**EXERCISE INSTRUCTIONS:** In the material below, find the line containing "Isartor din München" and output it and all lines after it exactly, through the last one, without the pictures.

(Beginning of EXERCISE INPUTS)

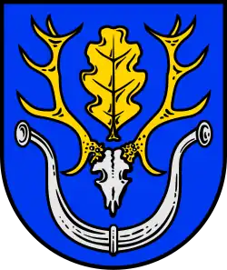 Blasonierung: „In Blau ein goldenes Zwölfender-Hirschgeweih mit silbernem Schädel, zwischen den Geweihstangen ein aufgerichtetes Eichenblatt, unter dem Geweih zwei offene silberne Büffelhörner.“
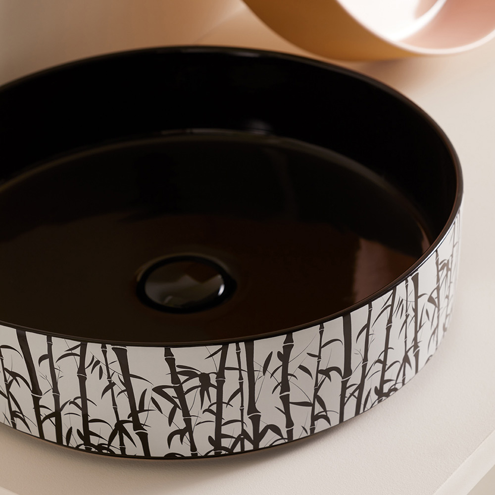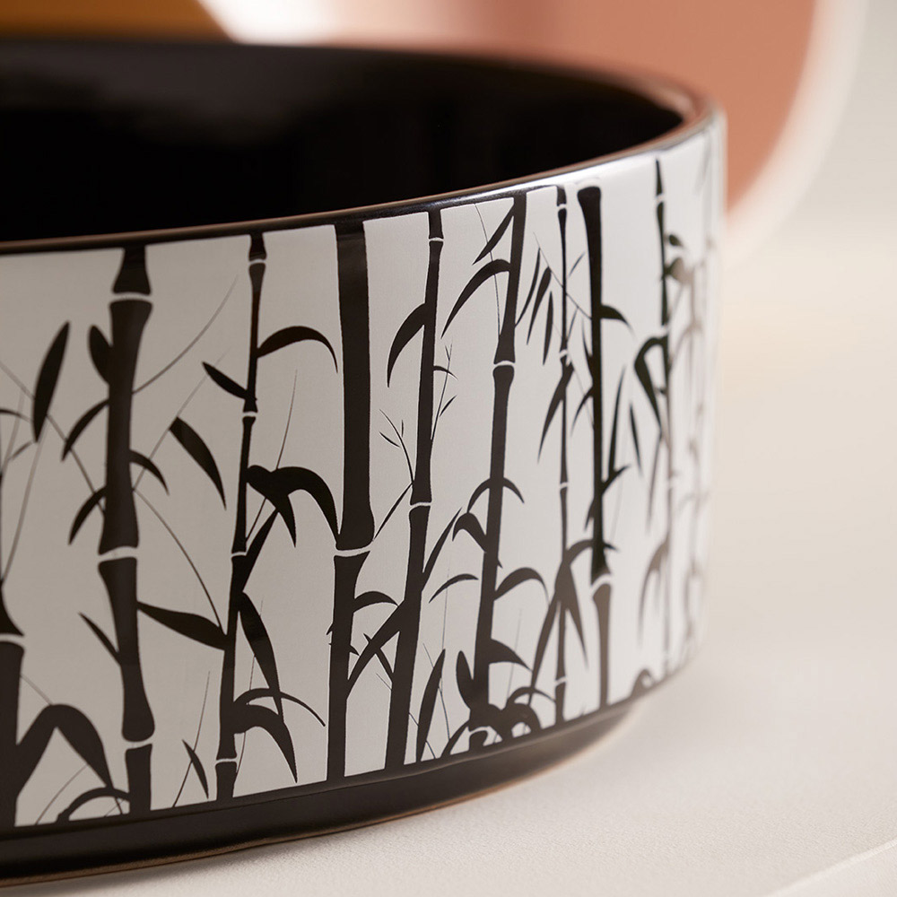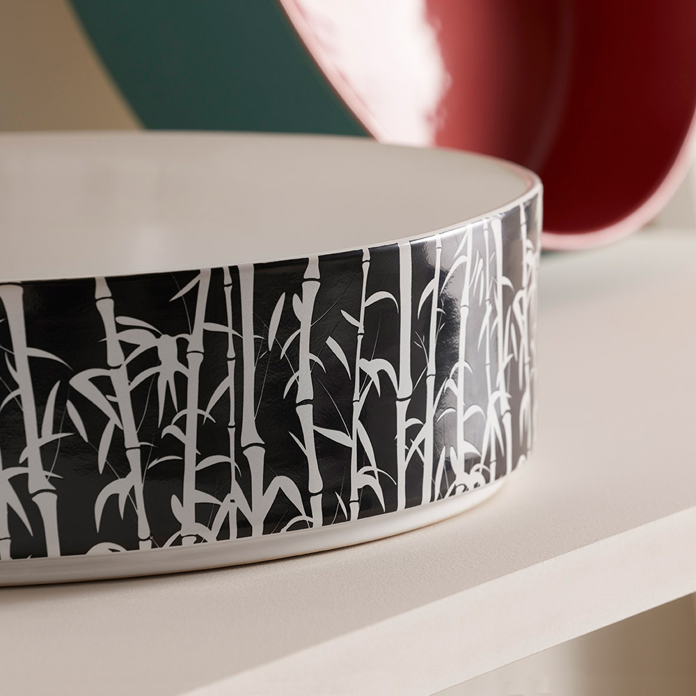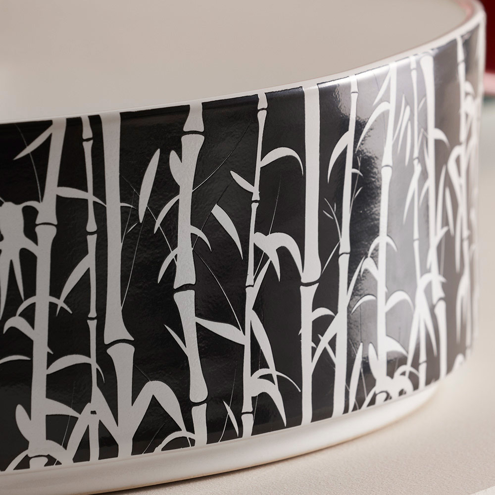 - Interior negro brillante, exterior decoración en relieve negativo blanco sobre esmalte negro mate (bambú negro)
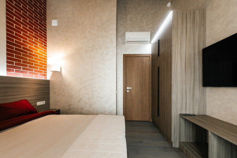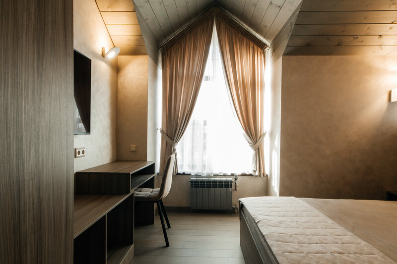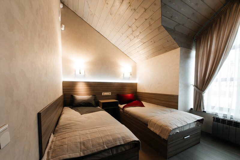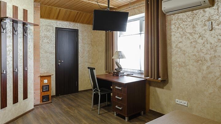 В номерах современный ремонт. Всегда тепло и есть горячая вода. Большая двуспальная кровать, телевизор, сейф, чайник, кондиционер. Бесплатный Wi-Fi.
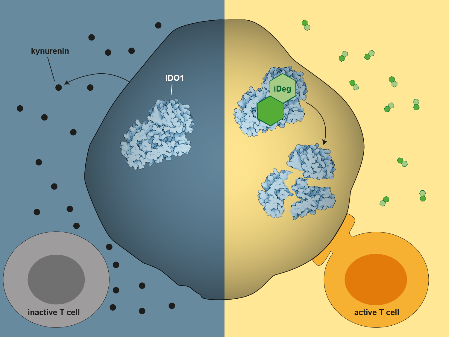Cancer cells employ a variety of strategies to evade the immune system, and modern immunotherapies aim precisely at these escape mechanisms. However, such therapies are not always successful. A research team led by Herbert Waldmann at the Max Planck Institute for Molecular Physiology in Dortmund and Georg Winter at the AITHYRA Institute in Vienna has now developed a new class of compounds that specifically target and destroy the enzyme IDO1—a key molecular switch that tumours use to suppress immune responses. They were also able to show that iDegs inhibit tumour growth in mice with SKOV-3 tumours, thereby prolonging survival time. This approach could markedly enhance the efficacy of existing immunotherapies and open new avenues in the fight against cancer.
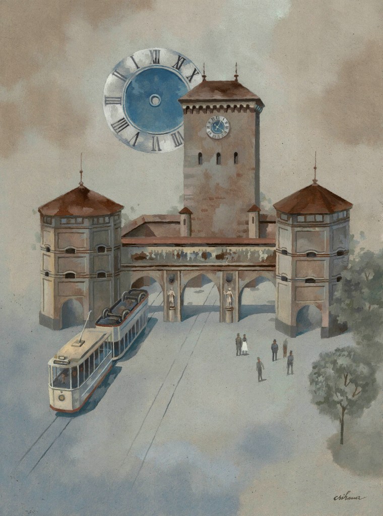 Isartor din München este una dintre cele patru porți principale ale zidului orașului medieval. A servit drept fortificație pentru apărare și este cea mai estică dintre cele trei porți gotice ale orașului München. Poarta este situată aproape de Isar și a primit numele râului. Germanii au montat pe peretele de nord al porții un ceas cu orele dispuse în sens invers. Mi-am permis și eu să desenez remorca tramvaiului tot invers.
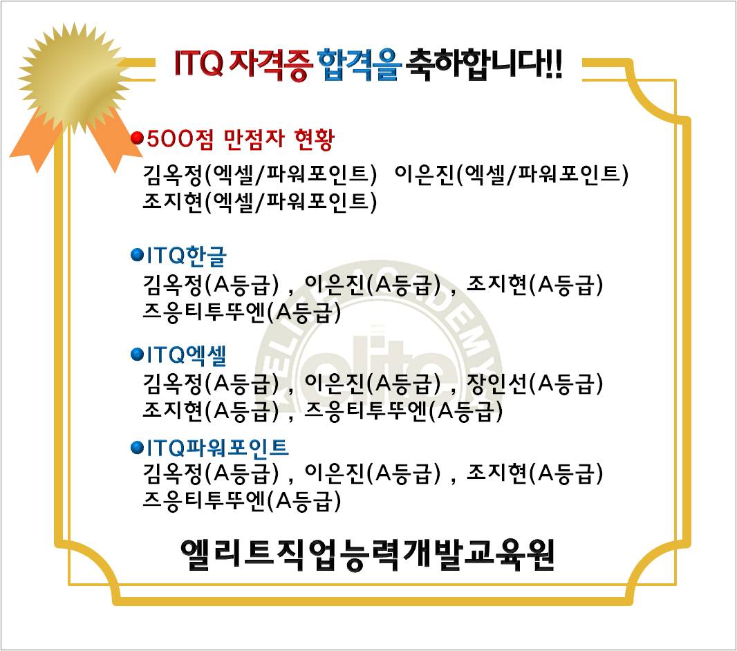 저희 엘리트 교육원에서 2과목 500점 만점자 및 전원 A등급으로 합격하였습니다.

(End of EXERCISE INPUTS)

**EXERCISE RESPONSE:**
 Isartor din München este una dintre cele patru porți principale ale zidului orașului medieval. A servit drept fortificație pentru apărare și este cea mai estică dintre cele trei porți gotice ale orașului München. Poarta este situată aproape de Isar și a primit numele râului. Germanii au montat pe peretele de nord al porții un ceas cu orele dispuse în sens invers. Mi-am permis și eu să desenez remorca tramvaiului tot invers.
 저희 엘리트 교육원에서 2과목 500점 만점자 및 전원 A등급으로 합격하였습니다.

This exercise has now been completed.